Now, I have no idea how to measure reliably the “bias” of the reviewer regarding a specific paper. Or rather, I have many ideas but none that is at least somewhat convincing.

I already tried, for a little project, to use the distance between a manuscript abstract and the abstracts of publications by reviewers, computed with a text-embedding model. The thing is, I’m not sure this would be reliable, it makes tons of assumptions, it requires a ton of (notoriously not great in quality) bibliometric data, and the results might heavily depend on the specific model you use.

Another alternative would be to use the agreement with the other reviewers on other manuscripts. This could allow to “weight” relatively less redundant opinions. The end result would be something like “we expect higher quality when people that usually disagree give uniformly high scores”. This sounds similar to the algorithm behind Twitter/X community notes[4], but without (?) the one-dimensional assumption of the opinion space. The obvious limit however would be the extreme sparsity of the matrix, since not everyone rates everything (not even close).

Another one could be something along the lines of an IRT model. Where papers are the analog of students taking an exam, and reviewers are the “questions”; some of them are more difficult, some are able to better discriminate between good and bad outcomes.
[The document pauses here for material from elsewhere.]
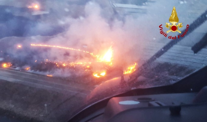 Oltre 15 i lanci effettuati sulle fiamme dall’elicottero prima del rientro per le effemeridi. L’incendio è stato circoscritto dopo circa due ore e sono poi partite le operazioni di spegnimento degli ultimi focolai.
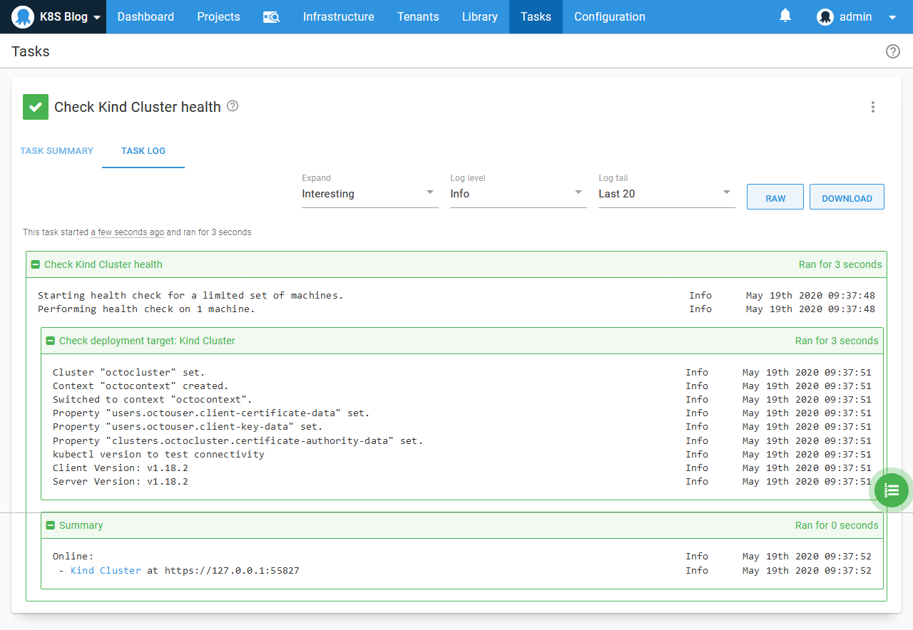 We have now successfully created a local Kubernetes cluster with Kind, extracted the certificates from the Kubernetes configuration file, imported the certificates into Octopus, and created a Kubernetes target in Octopus that connects to our local cluster via a Worker.

Except that... Now that we are reasoning in terms of a statistical model maybe we need to take a step back, and get a little bit more of a theoretical understanding of the phenomenon and of the property we are trying to measure? After all, Statistical Control Requires Causal Justification! Here instead we are merely saying that the “quality” of a manuscript is whatever is not explained away by the marginal contributions of a bunch of reviewer traits... But, just to make an example, the topic of a paper could easily causally impact its quality as well as the reviewer bias, thus being a confounder. And we are not even considering the self-selection of reviewers into giving feedback to the papers they are interested in! Again, I have more doubts than answers, but I think there is potential in trying to tackle difficult issues.

Anyway, some more thoughts

This piece is closer to a stream of thought than a fully formed reflection on the topic. Thinking about this, however, brought me to reconsider how I think of peer review in its current form.

If we frame it as a measurement issue, we are essentially engaging in a sort of collective suspension of disbelief. None of the empirical researchers I know would ever be confident in drawing conclusions with two to three data points. You can be a p-value lover, a confidence interval enjoyer or having reached your inner peace with posterior distributions. But a couple of observations are probably not enough to convincingly conclude anything about a complex question like “is this paper worth publishing/reading/citing/whatever”.

This is to say, we have a way higher standard of evidence in our work than we have in assessing it. We might have no better alternative, there might be other good reasons for this, but I think this is at least worth noting.

For the records: I remember vaguely a Tweet (or was it on Bluesky?) by @rlmcelreath discussing a study on peer review and touching the same point probably better than I’m doing here: i.e. with just a couple of observations you have no statistical power to reliably draw conclusions. The search function is not helping me but if I find it I will link to it later on.